Dataset records:
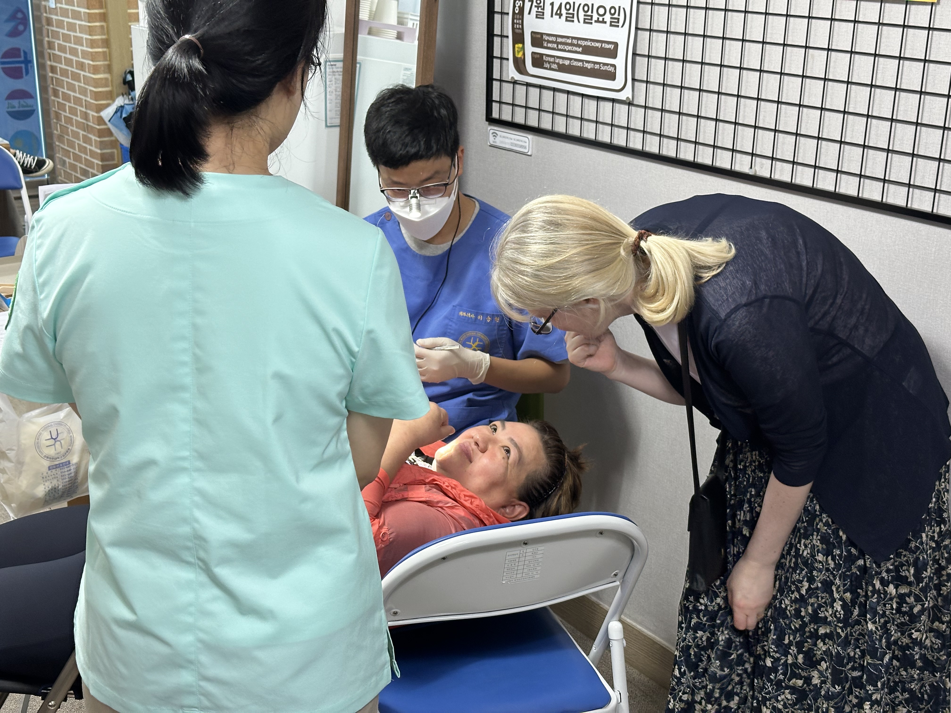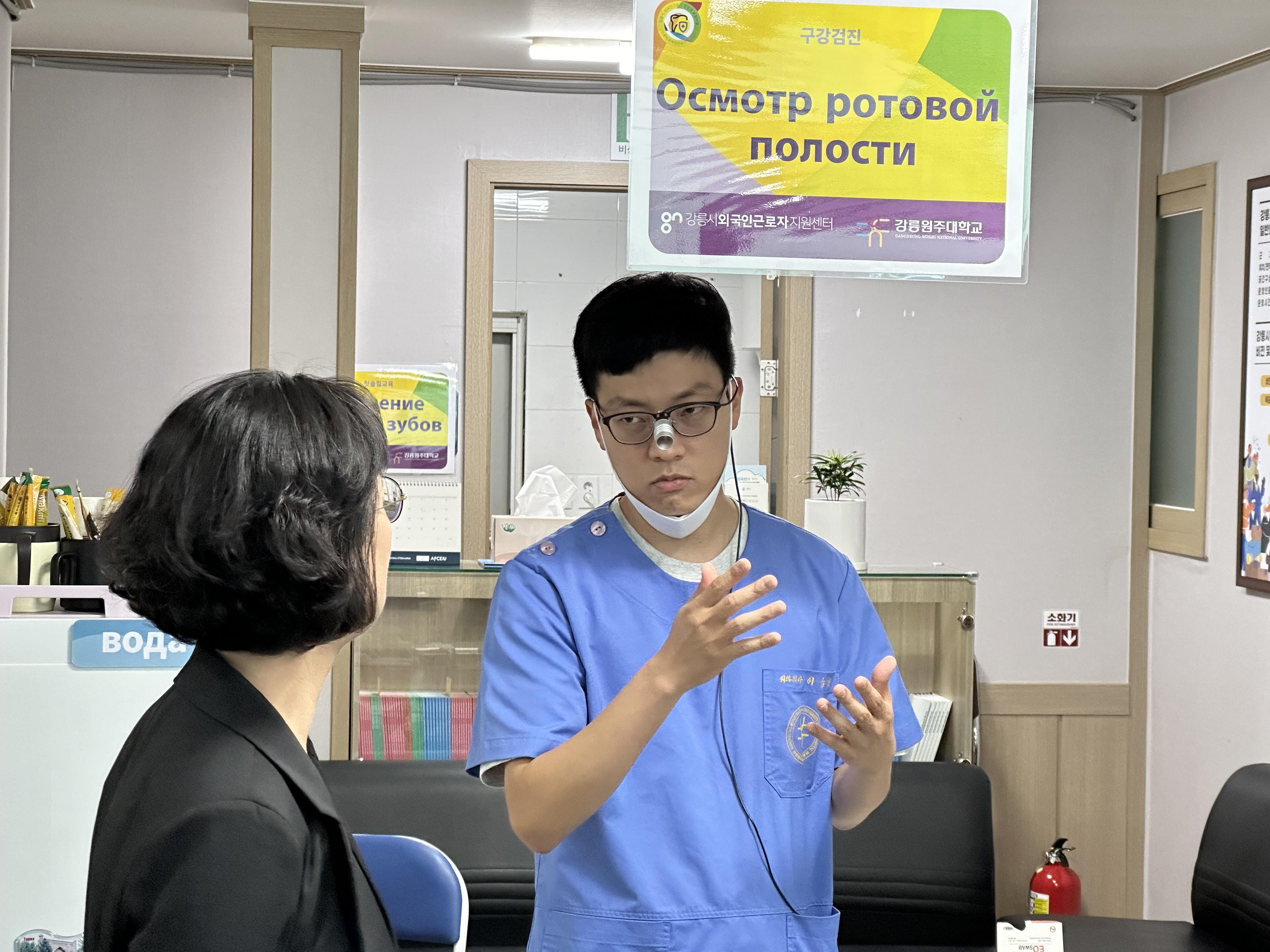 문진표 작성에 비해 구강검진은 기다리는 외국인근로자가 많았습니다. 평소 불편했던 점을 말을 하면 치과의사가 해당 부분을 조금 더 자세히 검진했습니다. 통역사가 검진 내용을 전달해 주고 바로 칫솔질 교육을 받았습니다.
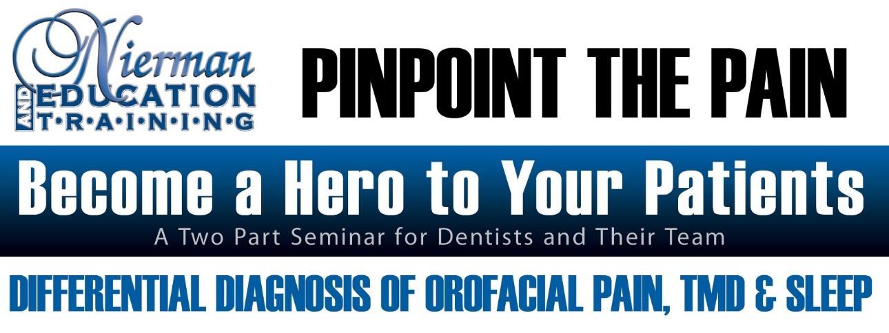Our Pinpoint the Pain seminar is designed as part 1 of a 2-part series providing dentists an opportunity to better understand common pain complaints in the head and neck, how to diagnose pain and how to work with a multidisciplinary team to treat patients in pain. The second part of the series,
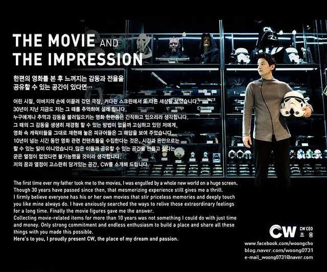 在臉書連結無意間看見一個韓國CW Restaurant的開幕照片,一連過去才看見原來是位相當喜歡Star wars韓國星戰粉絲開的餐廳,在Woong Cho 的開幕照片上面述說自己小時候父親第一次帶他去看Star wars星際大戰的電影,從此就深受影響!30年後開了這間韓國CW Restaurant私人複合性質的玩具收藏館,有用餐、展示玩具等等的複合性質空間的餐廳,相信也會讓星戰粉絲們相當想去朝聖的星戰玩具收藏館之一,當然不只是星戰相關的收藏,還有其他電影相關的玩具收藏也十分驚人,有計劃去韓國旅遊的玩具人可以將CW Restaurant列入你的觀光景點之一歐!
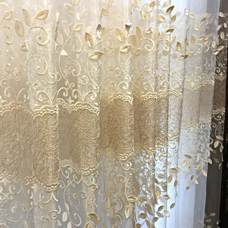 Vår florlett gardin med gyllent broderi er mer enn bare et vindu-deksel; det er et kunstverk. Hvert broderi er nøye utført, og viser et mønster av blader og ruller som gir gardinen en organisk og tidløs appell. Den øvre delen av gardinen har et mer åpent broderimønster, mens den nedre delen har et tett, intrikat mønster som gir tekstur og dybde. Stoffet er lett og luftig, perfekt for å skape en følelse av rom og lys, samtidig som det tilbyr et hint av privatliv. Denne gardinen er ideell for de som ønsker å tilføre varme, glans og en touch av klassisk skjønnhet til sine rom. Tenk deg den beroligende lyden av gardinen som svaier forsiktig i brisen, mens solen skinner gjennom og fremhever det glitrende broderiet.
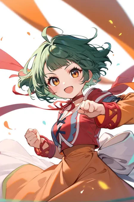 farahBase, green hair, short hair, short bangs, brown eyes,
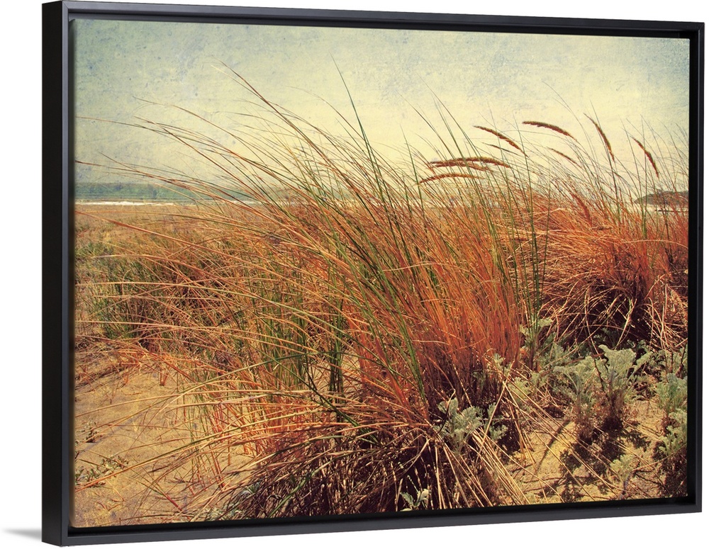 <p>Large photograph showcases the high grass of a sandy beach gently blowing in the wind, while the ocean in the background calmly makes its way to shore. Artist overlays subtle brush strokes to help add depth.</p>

Your objective: Every entry above should be given again exactly, with no images included.

Completed task:
 문진표 작성에 비해 구강검진은 기다리는 외국인근로자가 많았습니다. 평소 불편했던 점을 말을 하면 치과의사가 해당 부분을 조금 더 자세히 검진했습니다. 통역사가 검진 내용을 전달해 주고 바로 칫솔질 교육을 받았습니다.
Our Pinpoint the Pain seminar is designed as part 1 of a 2-part series providing dentists an opportunity to better understand common pain complaints in the head and neck, how to diagnose pain and how to work with a multidisciplinary team to treat patients in pain. The second part of the series,
 在臉書連結無意間看見一個韓國CW Restaurant的開幕照片,一連過去才看見原來是位相當喜歡Star wars韓國星戰粉絲開的餐廳,在Woong Cho 的開幕照片上面述說自己小時候父親第一次帶他去看Star wars星際大戰的電影,從此就深受影響!30年後開了這間韓國CW Restaurant私人複合性質的玩具收藏館,有用餐、展示玩具等等的複合性質空間的餐廳,相信也會讓星戰粉絲們相當想去朝聖的星戰玩具收藏館之一,當然不只是星戰相關的收藏,還有其他電影相關的玩具收藏也十分驚人,有計劃去韓國旅遊的玩具人可以將CW Restaurant列入你的觀光景點之一歐!
 Vår florlett gardin med gyllent broderi er mer enn bare et vindu-deksel; det er et kunstverk. Hvert broderi er nøye utført, og viser et mønster av blader og ruller som gir gardinen en organisk og tidløs appell. Den øvre delen av gardinen har et mer åpent broderimønster, mens den nedre delen har et tett, intrikat mønster som gir tekstur og dybde. Stoffet er lett og luftig, perfekt for å skape en følelse av rom og lys, samtidig som det tilbyr et hint av privatliv. Denne gardinen er ideell for de som ønsker å tilføre varme, glans og en touch av klassisk skjønnhet til sine rom. Tenk deg den beroligende lyden av gardinen som svaier forsiktig i brisen, mens solen skinner gjennom og fremhever det glitrende broderiet.
 farahBase, green hair, short hair, short bangs, brown eyes,
 <p>Large photograph showcases the high grass of a sandy beach gently blowing in the wind, while the ocean in the background calmly makes its way to shore. Artist overlays subtle brush strokes to help add depth.</p>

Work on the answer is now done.